In C/C++, those sets are generated by TBAA rules. You could generate
them however you want.

(Which in turn leads me to another question, that is, whether

we are really trying to perform C/C++ alias analysis in a
[language-neutral] codegen pass, but let's postpone this for
later.)

No, we are not trying to do so.

This consideration assumes that what the TBAA implementation
actually returns as a result is orthogonal to the
Must/No/MayAlias set,

No, it is exactly a noalias set.

The latter combination is what I would expect for illegal type
puns, for whatever definition of "illegal". Note that for such
cases we currently get MustAlias from BasicAA and NoAlias from
TBAA.

This is, IMHO, very very broken and should be fixed in clang.

In some comments this is considered okay whereas I have to
admit that I don't understand how that may possibly be okay,
meaning it's hard to imagine how a pair of accesses can be
aliasing and non-aliasing at the same time.

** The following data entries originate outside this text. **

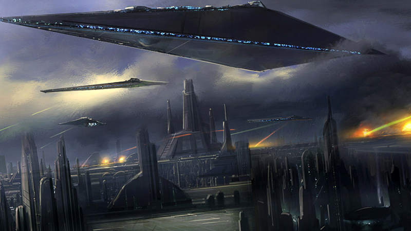 Las naves de guerra Sith descienden sobre el Distrito del Senado.
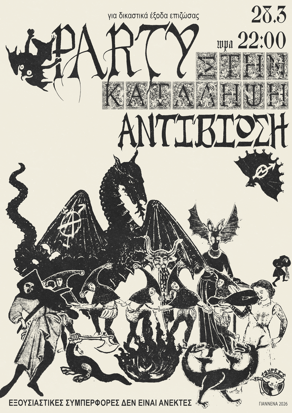 Πάρτυ για την κάλυψη δικαστικων εξόδων επιζωσας. Η δικαστική υπόθεση αφορά περιστατικό εμφυλης κακοποίησης που έλαβε χώρα στα Γιάννενα πριν από 5 χρόνια. Εκδικάζεται το φθινόπωρο και ο θύτης έχει καταθέσει και μυνηση για συκοφαντική δυσφήμιση κατά της επιζωσας. Το ποσό ανέρχεται στα 5.000 € και θα υπάρχει κουτί οικονομικής ενίσχυσης στον χώρο
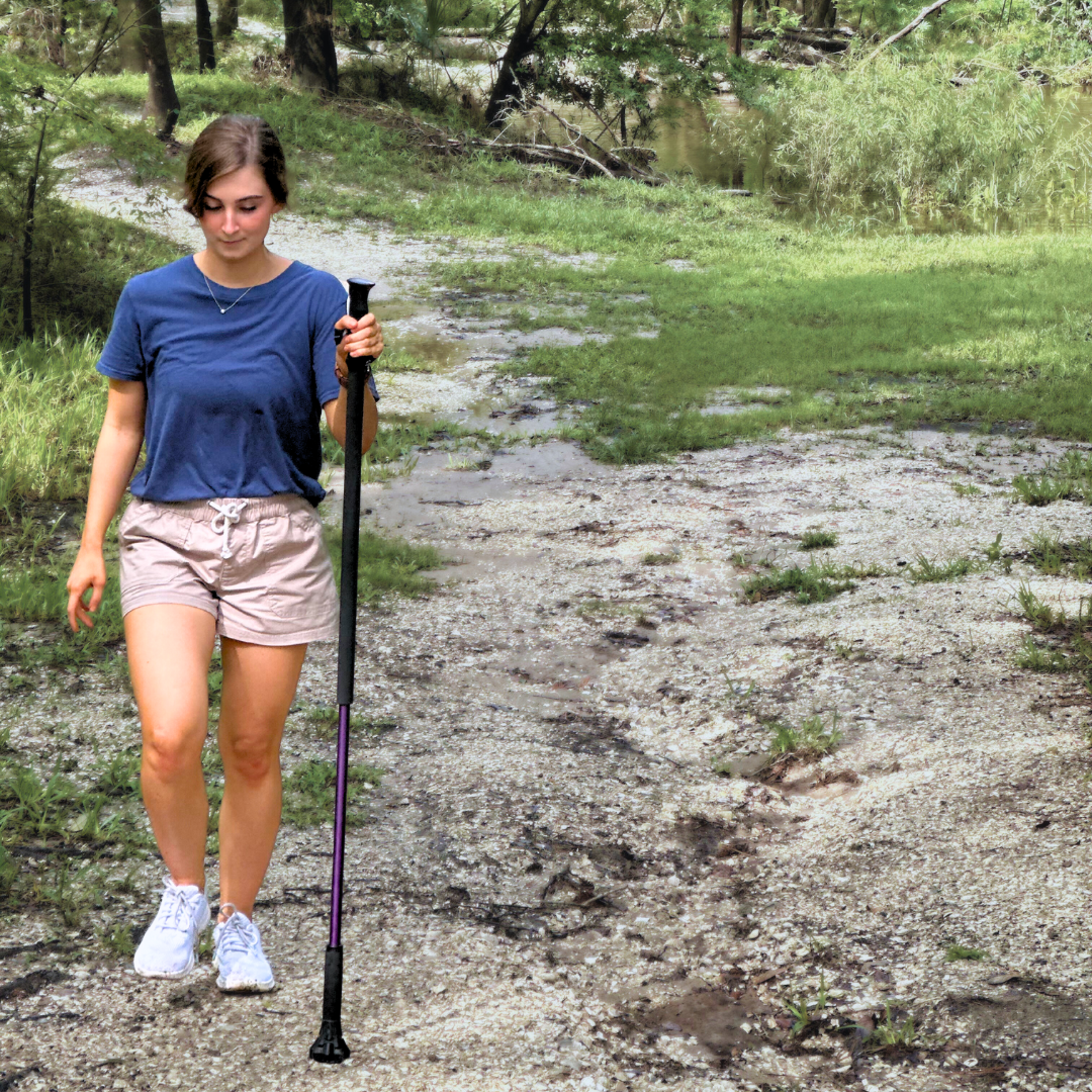It provides light support on smooth indoor surfaces like tile, hardwood, and carpet, while also offering stability on outdoor surfaces like sidewalks, grass, trails, and light gravel. It also provides stability on uneven or slippery surfaces, like hospital floors, wet shower tiles or even the beach!
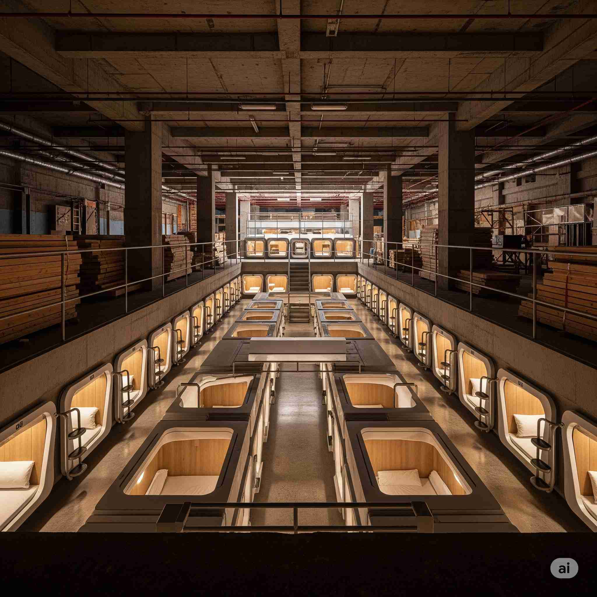 【お題】木材市場の地下に作られたカプセルホテル、予想図。
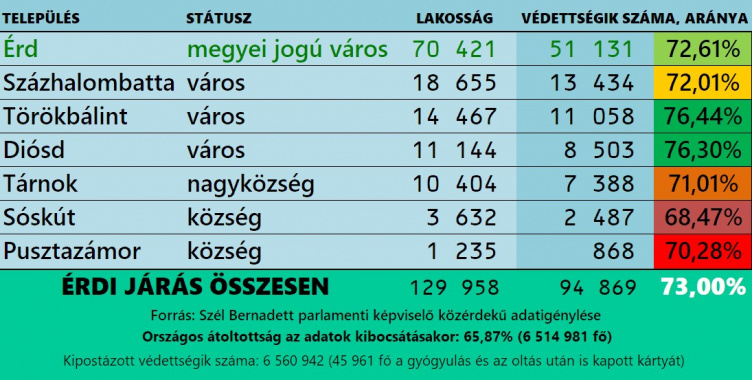 Érden a 70421 lakosból 51131 fő jutott védettségi igazolványhoz, így közel 73%-os védettséget jelent. Ami a szomszédos településeket illeti, Százhalombattán a lakosság 72%-a, Dióson és Törökbálinton 76%-a kapott védettségi igazolványt, míg ez az arány Sóskúton 78, Tárnokon 71, Pusztazámor pedig 70%. Így az érdi járásban összesen 73% az átoltottság.

Note that it will always be the case
It is entirely possible for one alias analysis to say must alias, and
another to say no-alias, depending on the source of the info.

To me it appears
like that the root cause if this inconsistency is not that any of
these analyses is not correct, but that we are trying to
represent their responses in an inadequate form and we are trying
to use BasicAA as a faster replacement for TBAA in simple cases.

I don't really see this at all.

THe use of BasicAA to go with TBAA is, IMHO, just broken.
it's not trying to be faster, it's doing it for correctness.